Back to more productive things. What could we do with the UniProt RDF data set ? I looks possible to build a 'Semantic Bio Catalogue' in the same vein has the BBC catalogue. The advantage of this would be simply *having* such a resource online and available to download and query (with sparql). A show case of semantic web tech for biology... but how would it work, could we do it as a collaborative project ? Maybe this should be suggested as one of the tasks for the BioRDF group.


BioDASH

You've mentioned BioDASH before - that's the kind of thing you could use the UniProt data for (at least once BioDASH is a bit more usable).

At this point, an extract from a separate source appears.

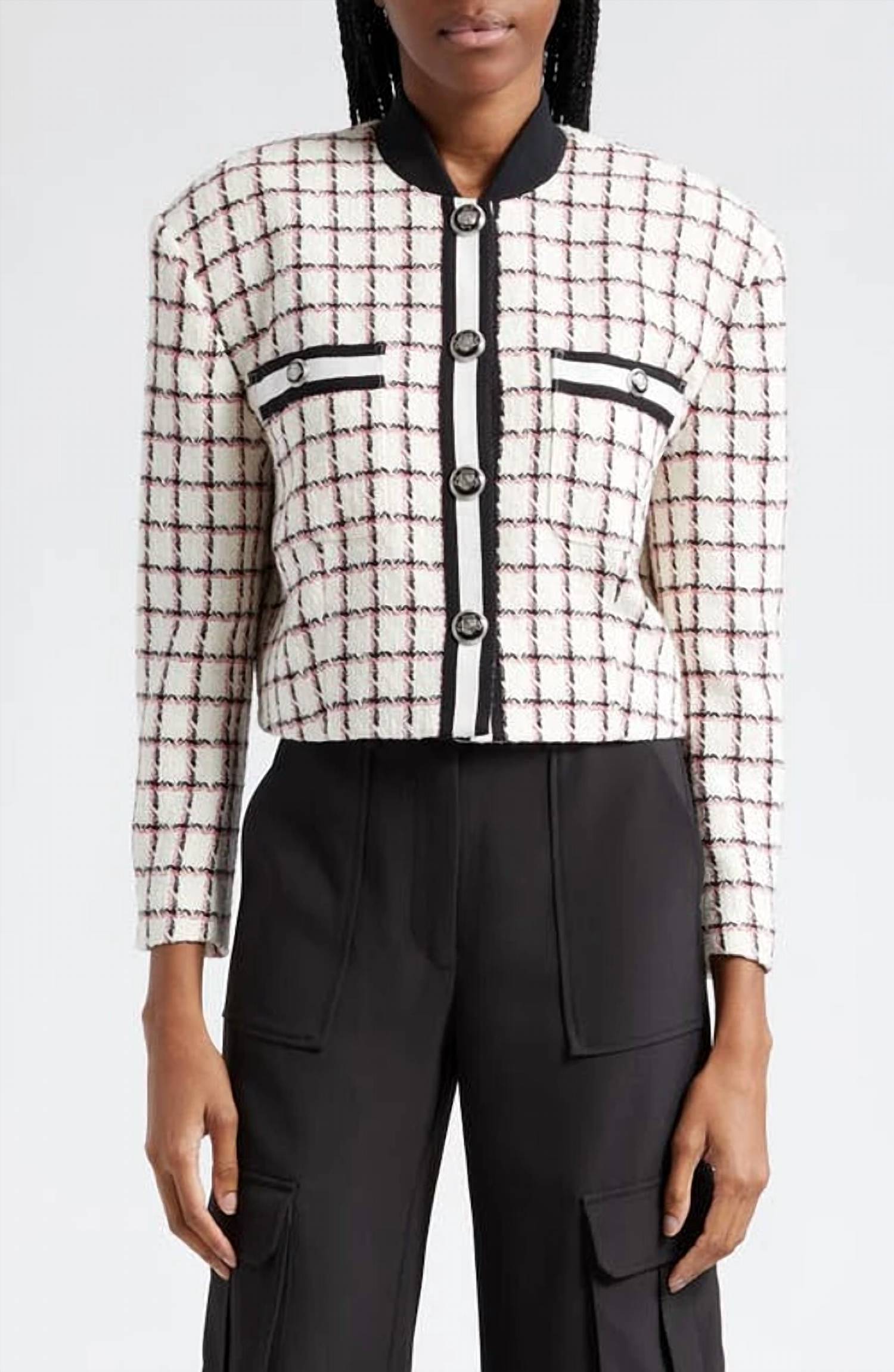 An elevated version of your favorite classic blazer. The Ellicot Jacket by Veronica Beard is an epitome of quiet luxury, perfect for evening events. Crafted with a cotton blend, this ecru multi plaid and check blazer features a sophisticated mockneck and functional pockets. Designed with long sleeves and a button closure, it's ideal for summer occasions, including Thanksgiving. With a focus on style, the jacket is unlined and easy to pair with a variety of outfits.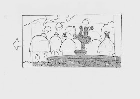 Due to overwhelming response (3 people, lol) here's another panel. This shot is a continuation of the last two panels, which is one long shot, ending here when the camera rises faster than the rocket and we see the clouds below the coastline below.

I really don't know what to

I really don't know what to think about the semantic web anymore. The vision and the technologies underlying that vision seem to be a horrible mess. The BBC catalogue is a great example of semantic web technologies being used 'in the real world'. The question is what kind of advantages do they bring over standard off-the-shelf structured data e.g. XML and XML Schemas ?

If the BBC catalogue is purely an experiment in using semantic web technologies then fine, but why bother producing RDF/XML for consumers When XML will do just fine ? This is part of the reason why RSS 1.0 failed, it was RDF/XML.

If you do consider the RDF part important then how do you resolve issues like identity ? For example take this entry in the catalogue. It describes "HORIZON REVISITED, THE HUMAN GENOME PROJECT". At the bottom of the page there is a link to an RDF feed for the page. When you look at the RDF source it is saying something like the URI http://open.bbc.co.uk/catalogue/infax/programme/LSFR607L identifies a resource of type Image.Moving.TV. This is of course not true, that URI identifies an HTML web page that describes a resources of type Image.Moving.TV.

I don't see any other way an agent can interpret that ? If it resolves the URI it will get HTML not a TV program ?

Interestingly enough this same kind of problem is now being debated on the W3C HCLS list for URIs to identify NCBI's database...


It is useful

Firstly, RSS1 didn't fail - it's in use all over the place, particularly by journal publishers, who include things like the PRISM ontology to describe journal/issue/page data.

Secondly, why is the BBC's RDF useful? Because I can understand what it means without having to read the instructions.

Thirdly, it was a contention a while ago that you shouldn't use http URIs for things that aren't documents on the web, but I think it's generally accepted now that using a URL as a proxy representation of a 'thing' is useful, particularly if you use a fragment identifier and the URL returns an RDF representation of the object.